Eleventh Circuit Court blocks Stop WOKE Act; a timeline and the future

Grae Barron, Reporter

The Eleventh Circuit Court of Appeals has blocked the infamous Stop WOKE Act from public universities again, claiming that it violates the First Amendment and the Fourteenth Amendment. 

Florida House Bill 7, known as the “Stop the Wrongs to Our Kids and Employees Act,” was proposed early in 2022 and has already been passed and enforced in K-12 schools across the state. 

The bill’s goal was to “protect individual freedoms and prevent discrimination in the workplace and public schools,” according to the Education Committee of the Florida House of Representatives. It changed how concepts related to race, gender, and sexual orientation were discussed in classrooms. 

Passed April 22, 2022, HB 7 went into effect that summer and has opened the door to multiple pieces of legislation aimed at diversity, equity and inclusion initiatives. This law was the driving force behind Gov. DeSantis call to revamp AP African American Studies, as well as request information from universities regarding DEI programs

(Tingey Injury Law Firm/Unsplash)

After the newly-passed law took effect, many organizations including the American Civil Liberties Union (ACLU) and the Legal Defense Fund (LDF) filed a lawsuit against HB 7. In the case Pernell v. Florida Board of Governors, plaintiffs claimed that the law violates the First and Fourteenth Amendments and was therefore unconstitutional. 

LDF argued that the law goes against the First Amendment’s protections over freedom of speech, saying it imposes “restrictions on speech and information in college classrooms.”

The lawsuit was formed on Aug. 18, 2022. The plaintiffs argued that the law was intentionally vague and that it “was enacted with a racially discriminatory purpose and will have a disparate impact on Black educators and students,” according to the ACLU.

The district court blocked the Stop WOKE Act with a preliminary injunction on Nov. 17, 2022, and remained blocked until the case was revisited just last week.

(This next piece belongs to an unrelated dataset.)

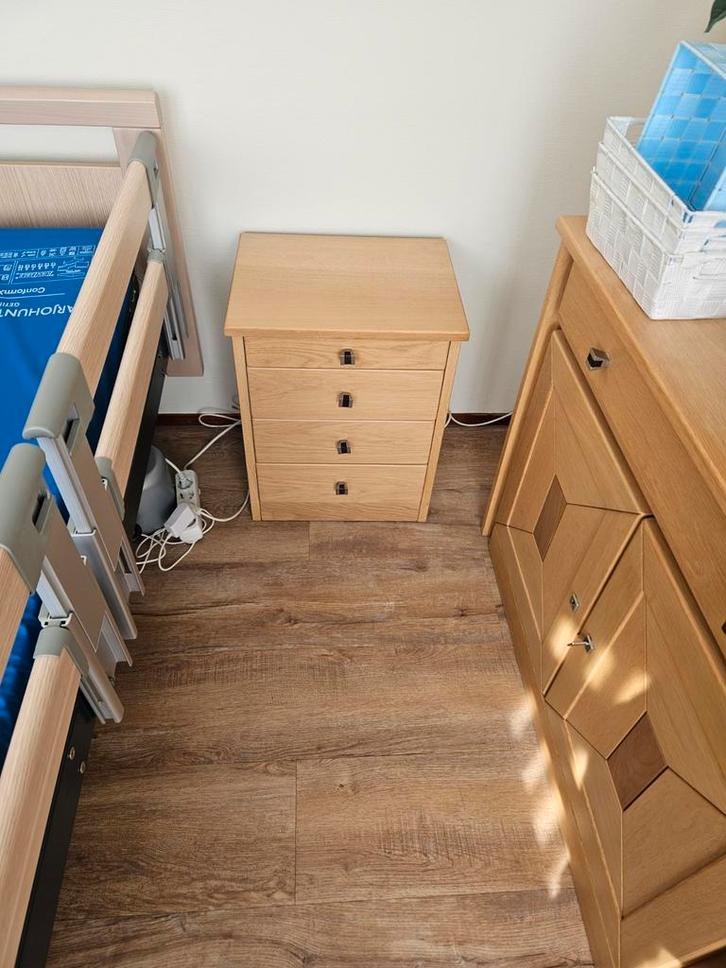 Set van diverse houten kastjes. Ideaal als nachtkastje, bijzettafel of voor extra opbergruimte. De kastjes zijn in gebruikte staat en hebben een mooie uitstraling. Afmetingen variëren. Zie foto's voor details.

The Eleventh Circuit Court of Appeals upheld the injunction until they reach a formal decision. 

Dr. Adrienne Lerner, a political science professor at UNF with a focus in constitutional law, explained that this preliminary injunction is temporary while the courts come to their decision. The court must review the merits of the case, but it is going to be a while before that happens, she said. 

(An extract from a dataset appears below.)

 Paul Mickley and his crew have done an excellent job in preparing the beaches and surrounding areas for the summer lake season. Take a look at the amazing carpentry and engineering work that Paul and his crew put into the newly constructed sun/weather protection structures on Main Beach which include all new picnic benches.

Dr. Lerner said that multiple outcomes may be seen as the bill gets pushed through the court system. There are provisions in Florida that allow for some parts of the bill to get struck down while others stand, so if it is found to be unconstitutional at the college level, HB 7 may only be removed in universities and not K-12. 

“It depends on how broad the court is in any ruling that would find parts of it unconstitutional,” she said. “So we would really have to look at the court’s decision in this.”

The preliminary injunction in place is usually an indicator that the courts would move slowly in their decisions, but with Judge Walker’s 23-page long opinion, it may pick up speed. With the attention on a national scale, there are options for this bill to move faster, if not go to the Supreme Court.

The main issue surrounding the bill is the limit to academic freedom and open discussions in classrooms. Dr. Lerner explained that this is what makes the ruling different from K-12 public schools. 

“The court has recognized those differences, but they’ve also said that the mission of K-12 and the mission of higher education are very different, and that part of those things is the open dialogue,” she said. 

With the future of this bill uncertain, all there is to do is wait. For now, the law is not in effect in public universities and awaits the court’s decision.